### Task to complete
Could you transcribe each record below exactly as written, setting the pictures aside?

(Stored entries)
◆ ◆ ◆ ◆
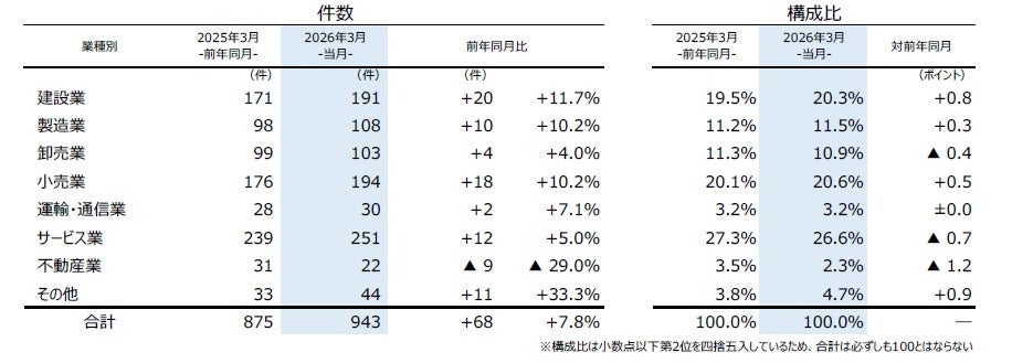 業種別にみると、7業種中6業種で前年を上回った。『サービス業』(前年同月239件→251件、5.0%増)が最も多く、2025年7月(263件)に次ぎ2000年以降で過去2番目に多かった。『小売業』(同176件→194件、10.2%増)は3カ月連続で前年を上回った。『建設業』(同171件→191件、11.7%増)は前年を上回り、2025年度で最多となった。『製造業』(同98件→108件、10.2%増)は2カ月ぶりに前年を上回り、3月としては過去10年で最も多かった。
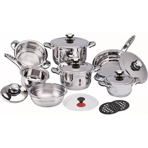 Jogo de panelas antiaderente alemã aço cirúrgico 23 peças apenas para fogão de indução melhor panela do mundo, peças em açõ cirurgico alemã. Certificado de garantia mundial, utilizado pelos melhores chefes de cozinha do mundo. Tem garantia e acabou de chegar no brasil. Oportunidade de compra agora pra voce que quer ter uma comida de boa qualidade com a melhor panela do mundo. Enviamos para todo brasil. 23 peças11 camadas de cerâmicaantiaderenteaço cirúrgico 18/10 gramatura termostato garantia de 1 ano pelo fabricanteproduto 100% jogo de panelas 12 peças royal01 - 1 caçarola 6. 5 litros medindo 24cmx14cm com tampa02 - 1 caçarola 3. 0 litros medindo 20cmx10cm com tampa03 - 1 caçarola 1. 6 litros medindo 16cmx08cm com tampa 04 - 1 frigideira 3. 0 litros medindo 24cmx6. 5cm com tampa 05 - 1 panela 1. 6 litros medindo 16cmx09cm com tampa06 - 1 panela vaporizadora medindo 20cmx10cm07 - 1 fritadeira medindo 18cm mais, 11 utencilios para cozinha08 - 02 bakelite suporte de panelas09 - 01 conjuto de útensilios nylon 6 peças 10 - 1 botão sucção11 - 1 livro de receita em 3 linguas alemão,russo e inglês 12 - cartão de certificação de fábrica tampas com termometro. Caixa totalmente lacrada. Garantia de 12 meses contra defeitos de fabricaçãopeso: 11. 2kg Marca: Sa, Songle, Nakazaki Ou Siga It-Blue
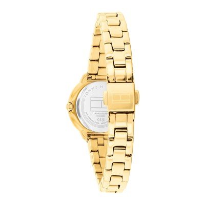 Diese Tommy Hilfiger Uhr hat ein Edelstahl Gehäuse mit einem Durchmesser von 26 mm und ist mit einem Armband aus Edelstahl versehen. In der Uhr arbeitet ein Seiko Instruments Inc. Uhrwerk. Das Glas der Uhr besteht aus Mineral - Glas.
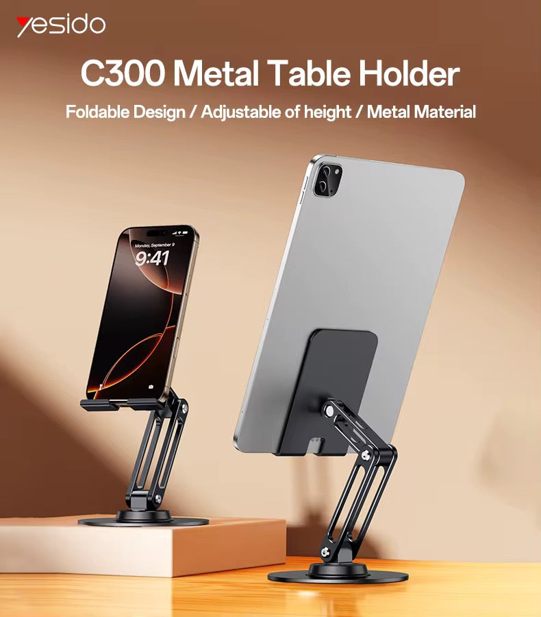 Experience the convenience of using your phone with the YESIDO C300 , a durable aluminum alloy desk stand equipped with a 360° rotating base and adjustable height to suit all your needs.
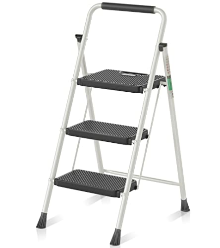 RIKADE 脚立 はしご 鉄素材 持ち運び便利 持ち手付き 軽量 折りたたみ脚立 踏み台 滑り止め付き ステップ台(ホワイト, 三段)
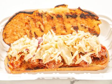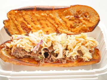 A Korean-American fusion sandwich made with a butter-toasted hoagie sub roll, shaved rib eye marinated in a light bulgogi sauce, a drizzle of savory kimchi butter, sautéed onions, jalapeños, bell pepper, white american cheese, provolone cheese, thinly sliced scallions, and finished with our house gohujang mayo sauce. (ONLY AVAILABLE UNTIL 10/26)
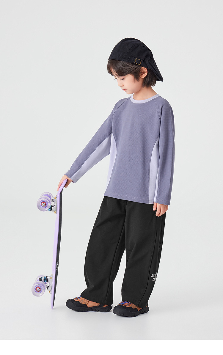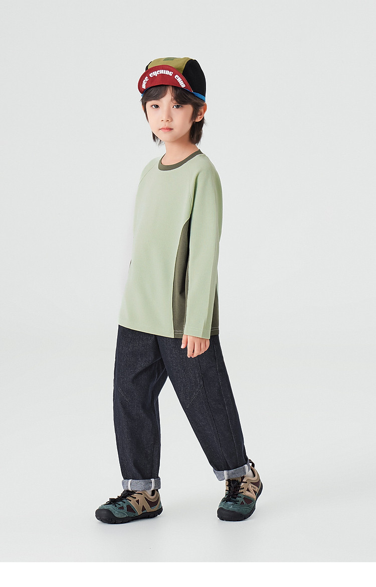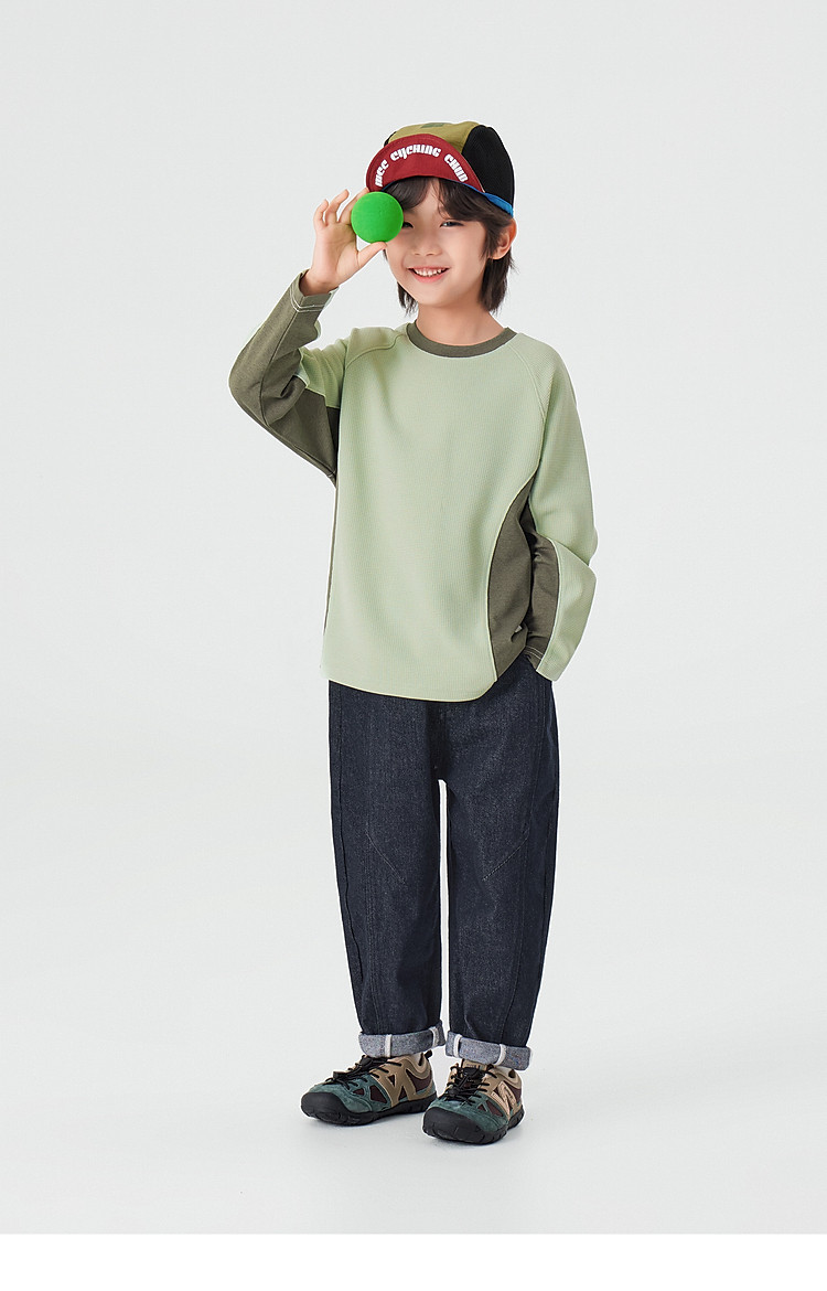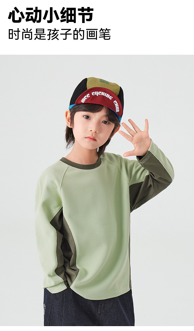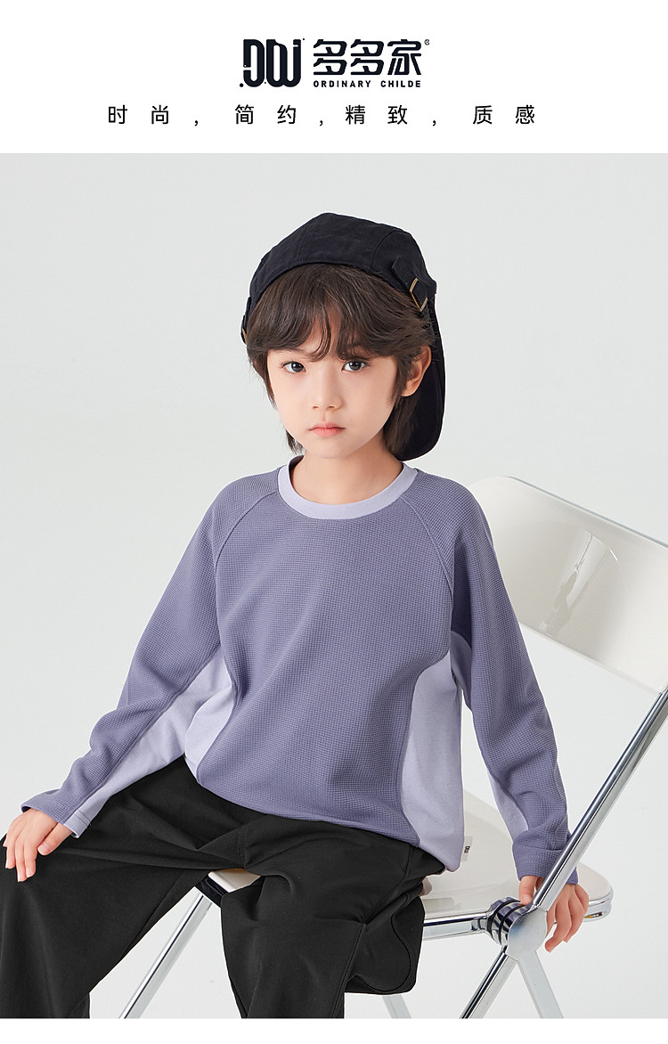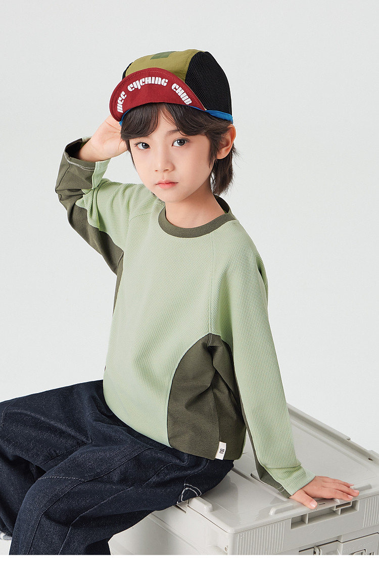【件件底价,童装双倍积分】多多家男童运动T恤长袖春秋2026新款儿童男孩拼色华夫格洋气上衣11322
◆ ◆ ◆ ◆
### Reply
 業種別にみると、7業種中6業種で前年を上回った。『サービス業』(前年同月239件→251件、5.0%増)が最も多く、2025年7月(263件)に次ぎ2000年以降で過去2番目に多かった。『小売業』(同176件→194件、10.2%増)は3カ月連続で前年を上回った。『建設業』(同171件→191件、11.7%増)は前年を上回り、2025年度で最多となった。『製造業』(同98件→108件、10.2%増)は2カ月ぶりに前年を上回り、3月としては過去10年で最も多かった。
 Jogo de panelas antiaderente alemã aço cirúrgico 23 peças apenas para fogão de indução melhor panela do mundo, peças em açõ cirurgico alemã. Certificado de garantia mundial, utilizado pelos melhores chefes de cozinha do mundo. Tem garantia e acabou de chegar no brasil. Oportunidade de compra agora pra voce que quer ter uma comida de boa qualidade com a melhor panela do mundo. Enviamos para todo brasil. 23 peças11 camadas de cerâmicaantiaderenteaço cirúrgico 18/10 gramatura termostato garantia de 1 ano pelo fabricanteproduto 100% jogo de panelas 12 peças royal01 - 1 caçarola 6. 5 litros medindo 24cmx14cm com tampa02 - 1 caçarola 3. 0 litros medindo 20cmx10cm com tampa03 - 1 caçarola 1. 6 litros medindo 16cmx08cm com tampa 04 - 1 frigideira 3. 0 litros medindo 24cmx6. 5cm com tampa 05 - 1 panela 1. 6 litros medindo 16cmx09cm com tampa06 - 1 panela vaporizadora medindo 20cmx10cm07 - 1 fritadeira medindo 18cm mais, 11 utencilios para cozinha08 - 02 bakelite suporte de panelas09 - 01 conjuto de útensilios nylon 6 peças 10 - 1 botão sucção11 - 1 livro de receita em 3 linguas alemão,russo e inglês 12 - cartão de certificação de fábrica tampas com termometro. Caixa totalmente lacrada. Garantia de 12 meses contra defeitos de fabricaçãopeso: 11. 2kg Marca: Sa, Songle, Nakazaki Ou Siga It-Blue
 Diese Tommy Hilfiger Uhr hat ein Edelstahl Gehäuse mit einem Durchmesser von 26 mm und ist mit einem Armband aus Edelstahl versehen. In der Uhr arbeitet ein Seiko Instruments Inc. Uhrwerk. Das Glas der Uhr besteht aus Mineral - Glas.
 Experience the convenience of using your phone with the YESIDO C300 , a durable aluminum alloy desk stand equipped with a 360° rotating base and adjustable height to suit all your needs.
 RIKADE 脚立 はしご 鉄素材 持ち運び便利 持ち手付き 軽量 折りたたみ脚立 踏み台 滑り止め付き ステップ台(ホワイト, 三段)
 A Korean-American fusion sandwich made with a butter-toasted hoagie sub roll, shaved rib eye marinated in a light bulgogi sauce, a drizzle of savory kimchi butter, sautéed onions, jalapeños, bell pepper, white american cheese, provolone cheese, thinly sliced scallions, and finished with our house gohujang mayo sauce. (ONLY AVAILABLE UNTIL 10/26)
【件件底价,童装双倍积分】多多家男童运动T恤长袖春秋2026新款儿童男孩拼色华夫格洋气上衣11322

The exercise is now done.